Она приподнялась на локте, заглянула мне в лицо, и ее говорящие глаза ожили.
«Чего?» — спросила она.
— Это трудно объяснить.
«Попробуй. Может, я пойму», — сказала ее рука, легшая мне, на висок и, пальцем очертив контур ушной раковины, успокоившаяся на скуле.
— Вот этой немоты.
«Я понимаю», — заметила она после долгой паузы губами, прикоснувшимися к левому плечу и надолго застывшими на вспухшем мягкой розовой лавой рубце пониже ключицы, эти губы слабо шевелились, словно высасывая из затянувшейся раны гадючьи яды, и впервые за многие дни, прошедшие с момента выписки из госпиталя, я вдруг почувствовал, что мертвые ткани плеча начинают оживать и наполняться живой кровью.

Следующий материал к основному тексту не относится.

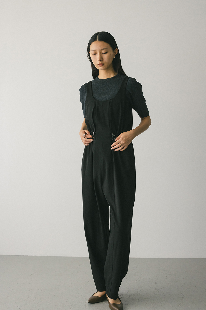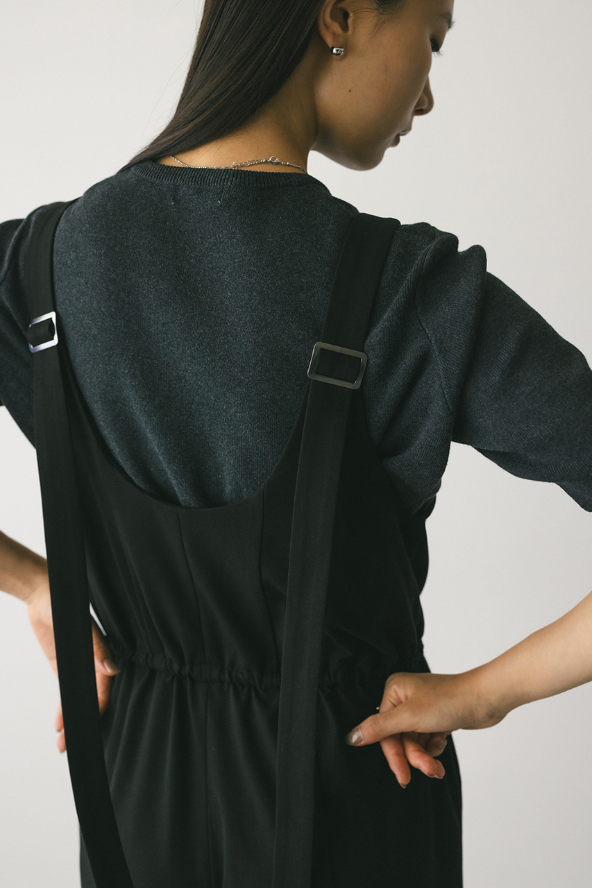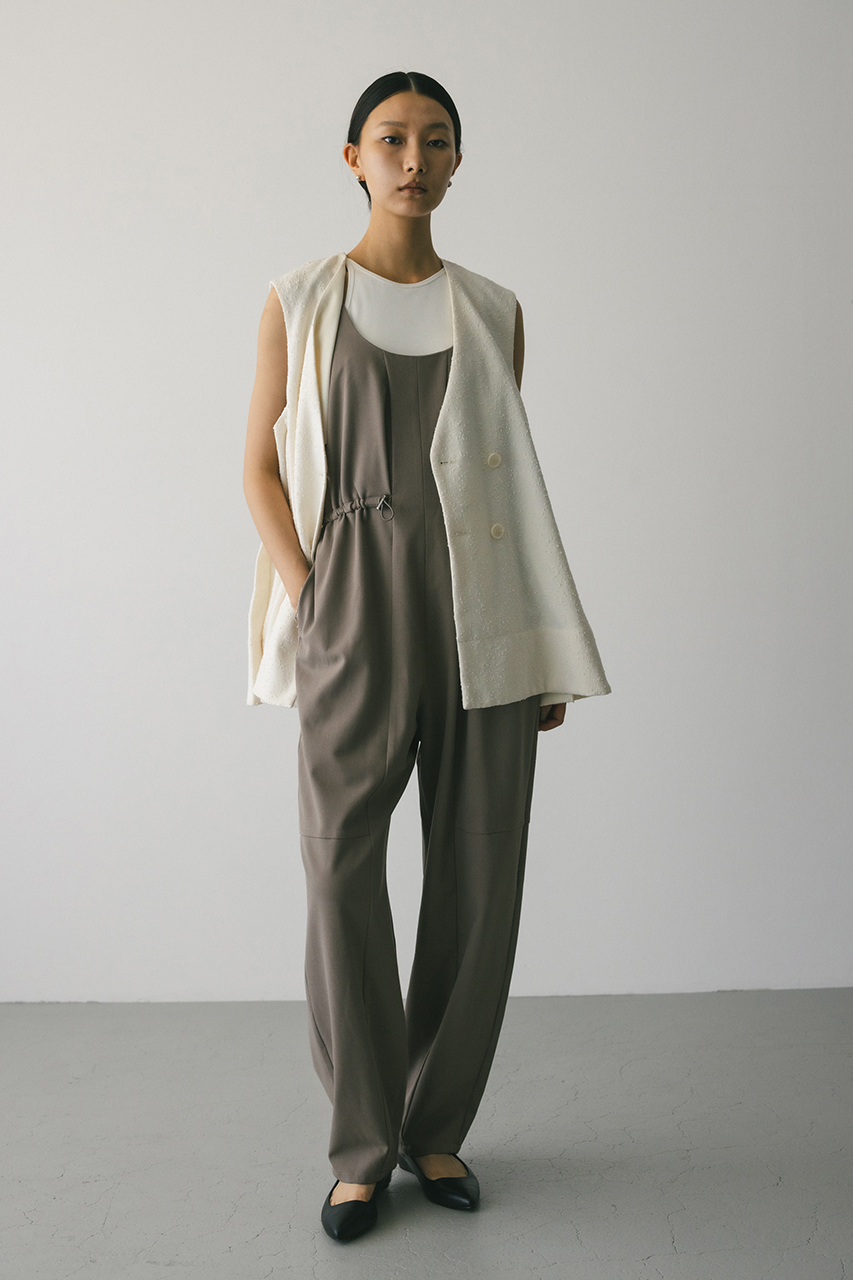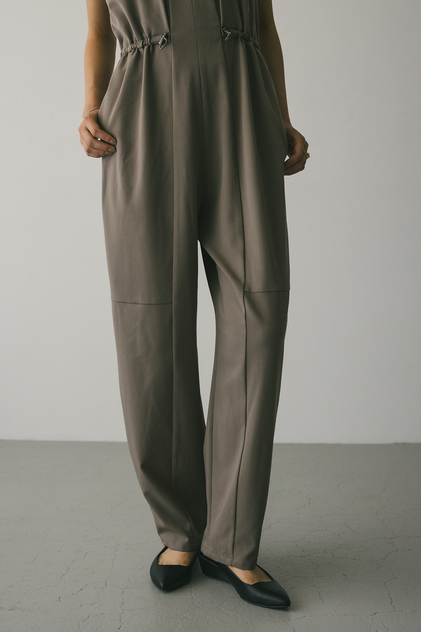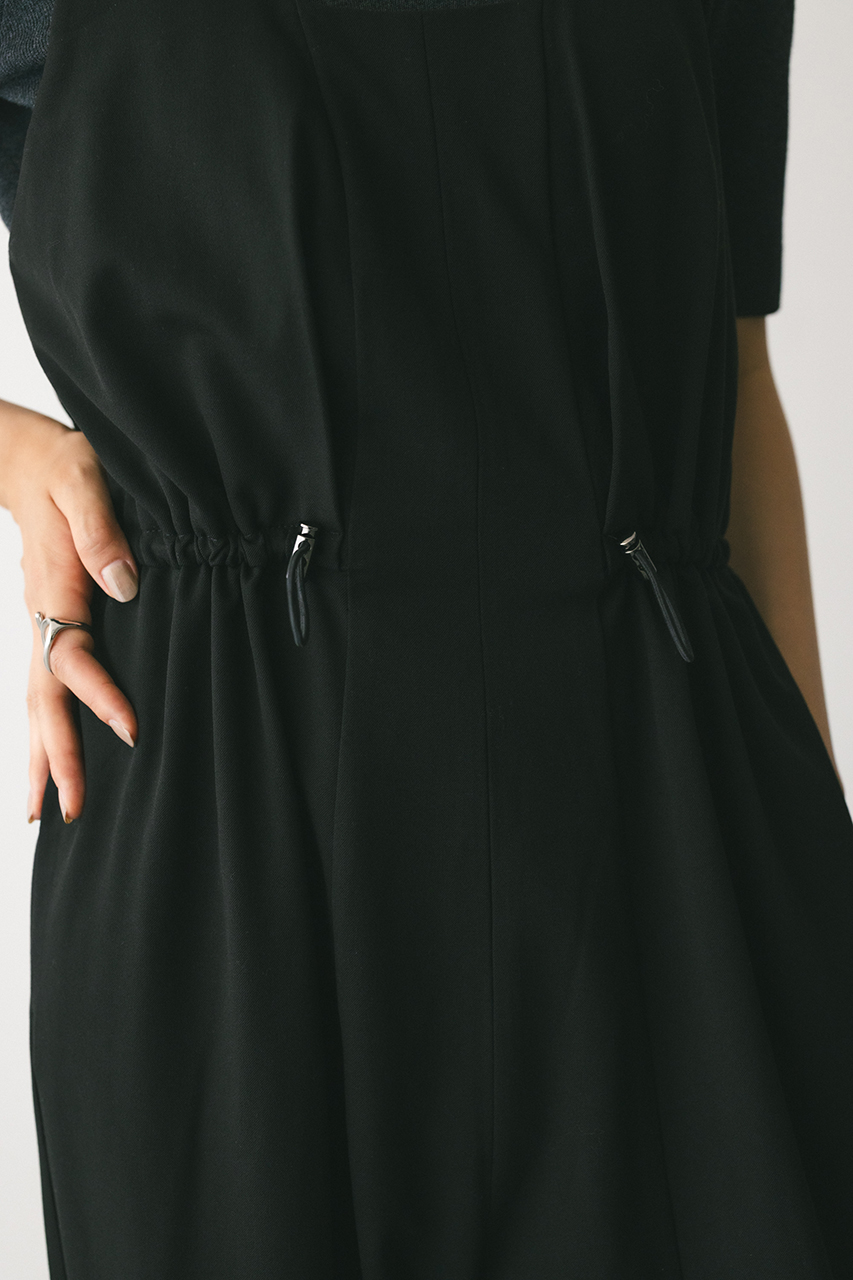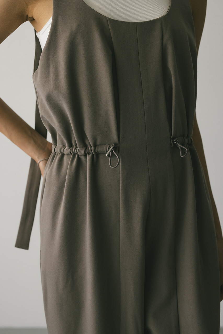 丸みのある立体シルエットが特徴的なロンパース。落ち感のあるきれいめな素材を使用し、カジュアルながらも洗練された印象に導きます。ウエストのドローストリングでシルエット調整が可能。インナー次第でロングシーズン活躍する万能アイテムです。ストレッチややあり、透け感なし。

«А зачем тебе немота?» — спросила она тускло мерцающими надо мной глазами.
— Затем, что это привычный способ существования всего живого. Травы, дерева, цветка, ветра, дождя, реки, — ответил я, обнимая ее за хрупкое плечико и привлекая к себе. — И еще…
Она вдруг напряглась, выскользнула из-под моей руки, нависла надо мной и, с красноречивой тщательностью артикулируя, немо спросила:
«Женщина?»
— Да нет, — сказал я. — Просто голубка. Очень красивая, очень породистая и очень домашняя. Ее нельзя было выпускать из-под руки, я это твердо знал, но все же отпустил. Я тебя хочу попросить об одной мелочи… Никогда не проводи вот так пальцем по моему уху, прежде чем заснуть, ладно? Потому что голубка, прежде чем пожелать мне доброй ночи, вот так же проверяла форму моей ушной раковины, а потом засыпала на моем плече, уютно погрузив свой теплый клюв мне под мышку. — Я долго молчал, потом тихо произнес: — И мне нужно вытравить это из моей памяти.
«Хорошо», — согласилась она, устраивая мягкий бутон своей головки на моей груди, и спустя минуту сладко засопела, а я так и не сомкнул глаз — не потому, что не хотелось спать, а просто наслаждался пространством блаженной немоты, к которой надо было привыкнуть, и задремал ненадолго лишь под утро, а когда открыл глаза, увидел ее сидящей на стуле у окна. Подперев подбородок ладонью, она слабо улыбалась, едва заметно шевеля губами, словно к кому-то обращалась. Я проследил ее взгляд и увидел нахохлившуюся голубку — обычную городскую, сизокрылую, породы плебейски невзрачной. Она сидела на краю карниза, вжавшись в угол, нахохлившись и втянув голову в растрепанное оперение своего маленького тела, похоже, была больна и глядела своими пуговичными глазками куда-то сквозь меня.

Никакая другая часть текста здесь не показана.